Nowe przepisy zakładają m.in., że użytkownicy będą mogli łatwo zgłaszać nielegalne treści, a "platformy będą musiały przetwarzać takie zgłoszenia z należytą starannością"; reklamy nie będą wyświetlane na podstawie wrażliwych danych użytkownika (takich jak pochodzenie etniczne, poglądy polityczne lub orientacja seksualna); serwisy będą musiały zapewnić małoletnim wysoki poziom prywatności, ochrony i bezpieczeństwa.
Nie będzie dozwolona reklama ukierunkowana i oparta na profilowaniu dzieci; platformy i wyszukiwarki muszą przeciwdziałać ryzyku związanemu z rozpowszechnianiem nielegalnych treści w internecie oraz ich negatywnym skutkom dla wolności wypowiedzi i informacji; platformy muszą też analizować konkretne zagrożenia i wprowadzać środki ograniczające ryzyko – na przykład dotyczące dezinformacji.
Serwisy będą musiały zapewnić użytkownikom informacje na temat reklam, np. dlaczego są im wyświetlane i kto za nie zapłacił.
Jeśli dana platforma usunie treści danego użytkownika, czy zawiesi jego konto, będzie musiała go poinformować dlaczego podjęto taką decyzję i przesłać uzasadnienie do bazy danych DSA Transparency.
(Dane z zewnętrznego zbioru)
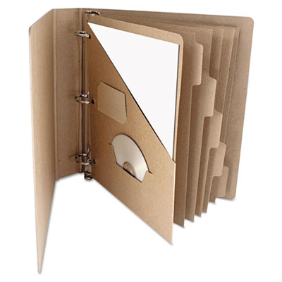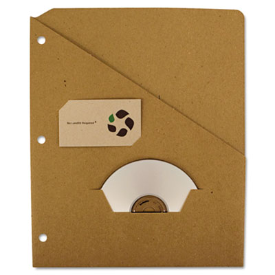 Environmentally friendly, zero waste product -- 100% recycled and recyclable. Single slash pocket expands to hold up to 30 sheets or even a magazine. 18-pt. brown kraft chipboard construction with die-cut business card and CD slots. Three-hole punched for use in ReBinder™ ring binders. Front Cover Color(s): Brown Kraft; Back Cover Color(s): Brown Kraft; Sheet Size: 11 x 8 1/2.

Użytkownicy będą mieli w każdym przypadku dostęp do mechanizmu składania skarg, w ramach którego mogą kwestionować decyzje dotyczące moderowania treści.
Lista podmiotów, która mają się zastosować do DSA obejmuje platformy internetowe i duże wyszukiwarki internetowe, jak Alibaba AliExpress, Amazon Store, Apple AppStore, Booking.com, Facebook, Google Play, Google Maps, Google Shopping, Instagram, LinkedIn, Pinterest, Snapchat, TikTok, X (Twitter), Wikipedia, YouTube, Zalando, a także Bing i Google Search.
Przepisom DSA nie podlegają małe firmy i mikroprzedsiębiorstwa zatrudniających mniej niż 50 pracowników i osiągające roczny obrót poniżej 10 mln euro.
Oprócz platform internetowych DSA ma również zastosowanie do usług hostingowych (np. usług w chmurze lub systemów nazw domen, które łączą użytkowników z żądanymi adresami stron internetowych), a także do pośredników internetowych (np. dostawców usług internetowych lub domen).
DSA "stosuje się do wszystkich usług cyfrowych, które łączą konsumentów z towarami, usługami lub treściami". Ustanowione w nim nowe, kompleksowe obowiązki platform internetowych mają "ograniczać szkodliwe zjawiska i przeciwdziałać zagrożeniom w internecie" oraz "zapewnić nowe możliwości ochrony użytkowników, a przedsiębiorstwom zagwarantować pewność prawa na całym jednolitym rynku".
W przypadku niewywiązania się z nałożonych obowiązków koncernom grozi kara nawet do 6 proc. ich rocznych obrotów handlowych.
Krytycy aktu obawiają się, że może on zostać użyty do cenzurowania treści w internecie pod pretekstem walki z "mową nienawiści" i dezinformacją.
Polska, choć powinna od dzisiaj stosować przepisy wynikające z DSA, wciąż nie wdrożyła krajowych przepisów wynikających z dyrektywy. Krajowa Rada Radiofonii i Telewizji wyraziła zaniepokojenie wobec opóźnienia procedur wdrożeniowych.